Since 1965 or so, most sections have been AREA (American Railway Engineering Association), stamped on the rail as "RE". The only exception I can think of is 122 CB, which Chessie System bought for a few years in the 1960s and 1970s. It's mostly gone from track.

Post 1945, you'll find the following sections:

100 RE
100 PS (Pennsylvania section)
112 RE (up to about 1955)
115 RE (post 1945)
119 RE (LIRR and Metro-North in New York, and a few other places)
131 RE
132 RE
133 RE (UP got this declared an RE section, and used it exclusively until the 1990s)
136 RE (standard section during 1980s and 1990s)
141 RE (this is becoming the new mainline standard section)
152 PS
155 PS

In the last decade, about all that was rolled was 115RE, 132RE, and 141RE. Virtually nothing else (some 100 RB was rolled for New York's subway system and SEPTA's).

Other markings, as discussed above, include the year and month rolled and the manufacturer. These days there are only two rolling mills left in North America: Bethlehem at Steelton, and CF&I (or whatever it's called this week) in Pueblo, CO.

The "OH" designation means "open hearth" (a process for making steel). This was used up until WW II, but isn't any longer. Virtually all rail will be "CC" (control-cooled) or VT (vacuum treated), a method of cooling that reduces the development of rail flaws. Any other two-letter codes usually refer to a hardening process used on curve rail and turnout rails (HT = fully heat treated, HH = head hardened.
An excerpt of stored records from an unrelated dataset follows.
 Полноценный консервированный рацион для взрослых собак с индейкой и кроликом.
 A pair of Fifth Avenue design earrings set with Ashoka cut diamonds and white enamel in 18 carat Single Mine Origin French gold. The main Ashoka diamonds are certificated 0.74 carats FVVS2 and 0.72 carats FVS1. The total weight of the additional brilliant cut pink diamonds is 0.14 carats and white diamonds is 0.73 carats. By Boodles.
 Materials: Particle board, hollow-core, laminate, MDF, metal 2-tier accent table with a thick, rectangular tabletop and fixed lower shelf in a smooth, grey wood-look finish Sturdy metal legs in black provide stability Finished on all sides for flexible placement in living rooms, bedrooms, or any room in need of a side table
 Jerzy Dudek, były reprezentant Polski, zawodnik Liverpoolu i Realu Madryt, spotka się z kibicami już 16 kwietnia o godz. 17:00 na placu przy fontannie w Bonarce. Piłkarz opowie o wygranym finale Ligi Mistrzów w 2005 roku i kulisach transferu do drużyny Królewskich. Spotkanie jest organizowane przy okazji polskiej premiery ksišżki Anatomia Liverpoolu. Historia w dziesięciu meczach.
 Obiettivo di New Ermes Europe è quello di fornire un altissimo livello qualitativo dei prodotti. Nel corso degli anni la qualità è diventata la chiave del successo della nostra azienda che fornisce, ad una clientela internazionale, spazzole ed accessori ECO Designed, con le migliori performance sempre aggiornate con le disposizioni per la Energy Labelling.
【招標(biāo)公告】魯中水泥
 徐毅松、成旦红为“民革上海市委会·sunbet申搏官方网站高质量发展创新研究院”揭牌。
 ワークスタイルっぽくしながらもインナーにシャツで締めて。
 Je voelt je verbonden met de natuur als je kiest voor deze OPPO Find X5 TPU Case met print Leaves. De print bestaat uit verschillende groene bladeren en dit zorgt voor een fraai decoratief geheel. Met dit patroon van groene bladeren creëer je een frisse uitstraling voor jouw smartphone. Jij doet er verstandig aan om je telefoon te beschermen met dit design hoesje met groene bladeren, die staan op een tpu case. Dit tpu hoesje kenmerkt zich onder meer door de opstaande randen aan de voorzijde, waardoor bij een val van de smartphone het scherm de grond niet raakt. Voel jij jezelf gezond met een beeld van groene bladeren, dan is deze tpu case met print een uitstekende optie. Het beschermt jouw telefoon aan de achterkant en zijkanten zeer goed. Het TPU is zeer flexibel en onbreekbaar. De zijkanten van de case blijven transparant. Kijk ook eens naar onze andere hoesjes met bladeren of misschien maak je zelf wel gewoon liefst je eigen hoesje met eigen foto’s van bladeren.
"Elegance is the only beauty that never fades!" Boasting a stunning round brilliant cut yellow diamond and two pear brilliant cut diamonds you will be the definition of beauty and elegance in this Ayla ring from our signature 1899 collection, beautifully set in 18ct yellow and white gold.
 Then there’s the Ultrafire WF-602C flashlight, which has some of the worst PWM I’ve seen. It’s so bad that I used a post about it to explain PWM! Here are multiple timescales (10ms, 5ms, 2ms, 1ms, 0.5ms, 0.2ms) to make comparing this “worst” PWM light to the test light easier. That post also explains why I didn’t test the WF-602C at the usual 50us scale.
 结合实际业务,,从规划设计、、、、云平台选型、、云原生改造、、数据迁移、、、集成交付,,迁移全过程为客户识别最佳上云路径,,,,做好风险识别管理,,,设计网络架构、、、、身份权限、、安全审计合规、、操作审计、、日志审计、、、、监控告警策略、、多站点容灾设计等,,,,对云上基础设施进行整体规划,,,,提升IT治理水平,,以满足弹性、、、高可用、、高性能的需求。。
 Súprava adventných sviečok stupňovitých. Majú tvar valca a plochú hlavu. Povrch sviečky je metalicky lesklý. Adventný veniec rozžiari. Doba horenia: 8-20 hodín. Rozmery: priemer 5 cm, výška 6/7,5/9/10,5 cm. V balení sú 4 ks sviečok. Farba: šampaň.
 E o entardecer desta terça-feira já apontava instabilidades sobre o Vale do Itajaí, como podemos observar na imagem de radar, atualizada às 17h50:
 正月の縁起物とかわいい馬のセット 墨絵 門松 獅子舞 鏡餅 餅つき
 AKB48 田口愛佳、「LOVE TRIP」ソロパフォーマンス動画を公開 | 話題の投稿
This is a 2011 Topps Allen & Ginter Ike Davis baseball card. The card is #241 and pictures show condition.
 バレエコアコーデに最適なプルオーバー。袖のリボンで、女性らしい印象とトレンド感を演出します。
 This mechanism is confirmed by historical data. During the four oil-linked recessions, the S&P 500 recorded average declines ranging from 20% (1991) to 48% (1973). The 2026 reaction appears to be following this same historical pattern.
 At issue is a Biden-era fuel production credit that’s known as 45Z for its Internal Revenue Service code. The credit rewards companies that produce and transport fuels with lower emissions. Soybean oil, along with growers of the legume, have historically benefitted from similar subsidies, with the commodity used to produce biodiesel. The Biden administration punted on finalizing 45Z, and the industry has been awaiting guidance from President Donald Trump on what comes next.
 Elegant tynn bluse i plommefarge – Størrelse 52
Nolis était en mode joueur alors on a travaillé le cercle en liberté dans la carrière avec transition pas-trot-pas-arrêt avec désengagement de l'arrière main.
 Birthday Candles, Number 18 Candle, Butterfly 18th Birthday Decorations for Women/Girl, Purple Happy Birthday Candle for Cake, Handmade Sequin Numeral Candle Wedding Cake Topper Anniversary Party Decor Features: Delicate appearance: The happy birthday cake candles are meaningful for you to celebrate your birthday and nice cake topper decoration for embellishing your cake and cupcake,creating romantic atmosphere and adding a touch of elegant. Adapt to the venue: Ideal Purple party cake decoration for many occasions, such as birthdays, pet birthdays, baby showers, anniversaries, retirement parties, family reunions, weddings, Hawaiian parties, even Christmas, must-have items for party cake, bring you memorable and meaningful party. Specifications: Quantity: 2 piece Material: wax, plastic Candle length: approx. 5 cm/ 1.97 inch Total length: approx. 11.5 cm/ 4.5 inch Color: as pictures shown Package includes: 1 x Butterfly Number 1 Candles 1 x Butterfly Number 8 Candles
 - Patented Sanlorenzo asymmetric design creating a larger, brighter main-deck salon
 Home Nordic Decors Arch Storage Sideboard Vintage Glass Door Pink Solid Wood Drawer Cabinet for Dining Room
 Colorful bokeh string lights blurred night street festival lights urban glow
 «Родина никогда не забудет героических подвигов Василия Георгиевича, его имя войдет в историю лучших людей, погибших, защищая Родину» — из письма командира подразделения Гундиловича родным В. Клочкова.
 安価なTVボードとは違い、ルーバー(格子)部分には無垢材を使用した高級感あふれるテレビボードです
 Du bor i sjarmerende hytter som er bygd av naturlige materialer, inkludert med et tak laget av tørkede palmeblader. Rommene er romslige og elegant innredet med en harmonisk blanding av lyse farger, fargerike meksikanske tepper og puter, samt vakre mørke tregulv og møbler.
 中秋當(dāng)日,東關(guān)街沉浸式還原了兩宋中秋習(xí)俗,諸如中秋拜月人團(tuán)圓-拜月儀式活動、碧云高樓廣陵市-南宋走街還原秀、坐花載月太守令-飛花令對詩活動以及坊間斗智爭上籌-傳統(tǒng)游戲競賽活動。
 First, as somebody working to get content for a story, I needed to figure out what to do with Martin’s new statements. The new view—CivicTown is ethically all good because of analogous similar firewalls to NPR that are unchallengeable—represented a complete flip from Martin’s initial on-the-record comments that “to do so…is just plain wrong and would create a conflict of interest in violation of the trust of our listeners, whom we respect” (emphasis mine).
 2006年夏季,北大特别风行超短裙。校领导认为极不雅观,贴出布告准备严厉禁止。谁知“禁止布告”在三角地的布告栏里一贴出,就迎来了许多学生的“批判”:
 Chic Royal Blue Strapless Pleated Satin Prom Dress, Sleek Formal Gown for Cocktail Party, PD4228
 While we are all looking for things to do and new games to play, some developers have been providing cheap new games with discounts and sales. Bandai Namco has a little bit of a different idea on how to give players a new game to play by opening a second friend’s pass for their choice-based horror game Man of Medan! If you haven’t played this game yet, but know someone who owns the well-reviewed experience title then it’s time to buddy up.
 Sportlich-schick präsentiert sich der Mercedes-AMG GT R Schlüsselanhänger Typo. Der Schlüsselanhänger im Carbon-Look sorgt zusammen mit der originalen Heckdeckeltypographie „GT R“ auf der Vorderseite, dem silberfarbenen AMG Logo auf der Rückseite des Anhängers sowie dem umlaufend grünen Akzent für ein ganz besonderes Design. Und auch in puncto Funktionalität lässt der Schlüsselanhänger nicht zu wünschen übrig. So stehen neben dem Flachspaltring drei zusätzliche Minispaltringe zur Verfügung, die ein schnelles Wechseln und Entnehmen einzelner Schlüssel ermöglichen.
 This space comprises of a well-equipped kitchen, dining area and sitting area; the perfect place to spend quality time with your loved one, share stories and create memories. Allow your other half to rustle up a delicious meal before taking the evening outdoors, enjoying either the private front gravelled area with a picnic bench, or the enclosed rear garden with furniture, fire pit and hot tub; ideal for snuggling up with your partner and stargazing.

There may be a few others).

Since all modern rail is continuously cast, the ingot markings are no longer needed.



Date: 04/29/08 14:33
Re: Reading the numbers on a rail
Author: wa4umr




Date: 04/30/08 14:20
Re: Reading the numbers on a rail
Author: bnsftrucker

72368 Wrote:
-------------------------------------------------------
> While moving to my new home I found in a corner of
> the garage a piece of rail about 15 feet long
> marked 45 PSC 87 - which I believe is 45 lbs per
> yard, Pennsylvania Steel Company rolled in 1887.
> Anybody got a way to cut it into sample pieces??
>
> TIOGA PASS
>
> Hint: Don't ever move...

Railsaw, or a stationary bandsaw.



Date: 04/30/08 14:26
Re: Reading the numbers on a rail
Author: bnsftrucker

Out here on the BNSF, we have 115lb,132lb, and 136 lb rails for mainline, on all of the relays we lay new 136lb steel on tangent trac, on the curves we lay new 141lb steel in the curves only.
In the yard tracks, we install the used 115lb, and 132lb steel ribbons, sometimes we use new 136lb steel for yard tracks too.